Well that was mild compared to the twist this one took. I can see some people being put out by what it does with religion because it really steps it up from ‘drank the blood of Christ and have his abilities.’ In this volume Irel and Lamia have gone their separate ways. Clarion, another undead girl, and the werewolf sent to kill Irel have joined up with him. In the meantime, Irel’s lady friend has been captured by Crossline who seem to know what’s going on with those vials of blood.

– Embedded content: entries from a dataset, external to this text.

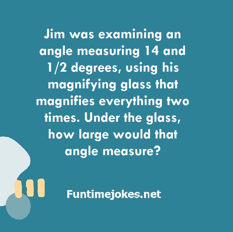 Jim was examining an angle measuring 14 and 1/2 degrees, using his magnifying glass that magnifies everything two times. Under the glass, how large would that angle measure? is one of the best riddle of the day.We have best collections of riddles, You can see our best collection of Tricky Riddles with Answer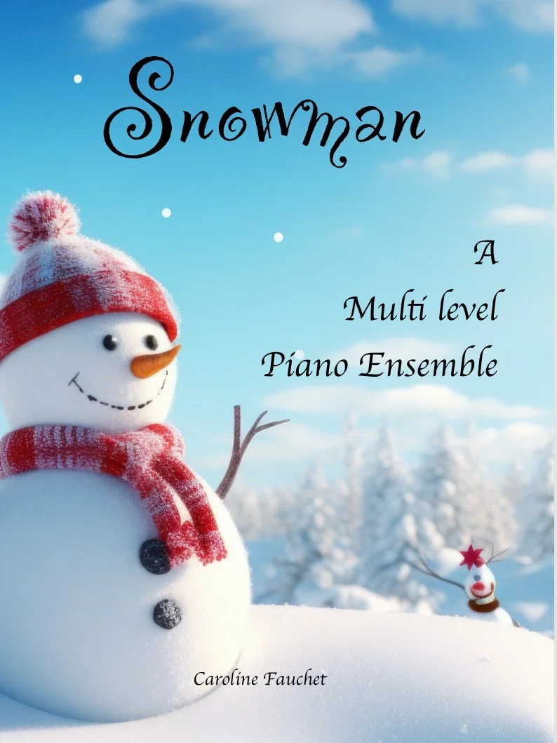 Meet “Snowman” — a five-piano, multi-level ensemble by Caroline Fauchet, perfect for holiday recitals. Joyful, rhythmic, and inclusive for every student background with a little wink of Jingle Bells at the end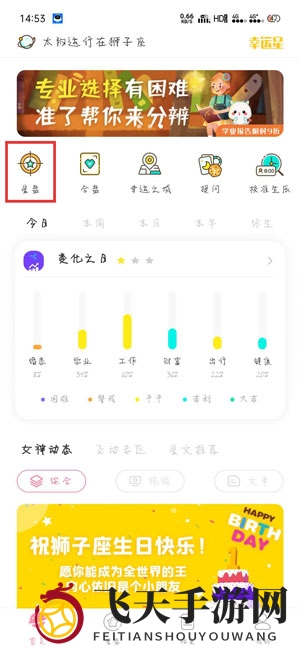 1、拿出你的手机,打开准了APP,点击首页的【星盘】图标,星盘查看界面即刻亮相;

The ladies and Detective Chris escape, Chris still convinced this is all a con job both Irel and Ian, another young man also with Christ-like abilities. The escape is very long and not that exciting. I don’t mind fight scenes in general. I do mind them when half the book is made up of no dialogue and just fight and there is a very disturbing thing Chris does with complete lack of regard for innocent lives.
The story then picks up with Lamia who is meeting with the person who makes her sword and there’s hints he is either Judas or another Frankensteinish monster. And this is where the storyline gets very subversive. Lamia’s scenes are interwoven with Ian’s who made actually be Christ. He’s also a megalomaniac psychopath. There is a Peter as well who doesn’t like Ian very much and the whole idea of God and Christ (and especially of them being one and the same) was Ian’s idea to grab for power. Also we learn what Lamia really is and it isn’t what she’s thought for centuries.
It ends with Irel and more priests in a massive fights scene as Ian’s forces try to eliminate Irel (whom Lamia’s sword smith thinks is an actual threat to Ian). It ends mid-battle with one of the group taking unexpected damage.
I was disappointed with this one (and I already have #6 having bought it by mistake before I got #5). Almost to the point of saying it might be time to part ways but since I have #6 I’ll give it another chance. The fight scenes bored me. The storyline is getting very muddy which isn’t a help. Detective Chris is almost as bad as the enemy so it’s hard to root for him. If it wasn’t for Irel I’d probably say goodbye to this.
It’s not even the subverted religious elements that bother me, per se. It’s how they were handled. Ian? Really? If you were going to make this character be immortal and suggest he was Christ, why not a Hebrew name? Make it at least a little believable. The art is good except for the weird huge and fat turtle necks everyone is wearing. I sure hope the next volume is better.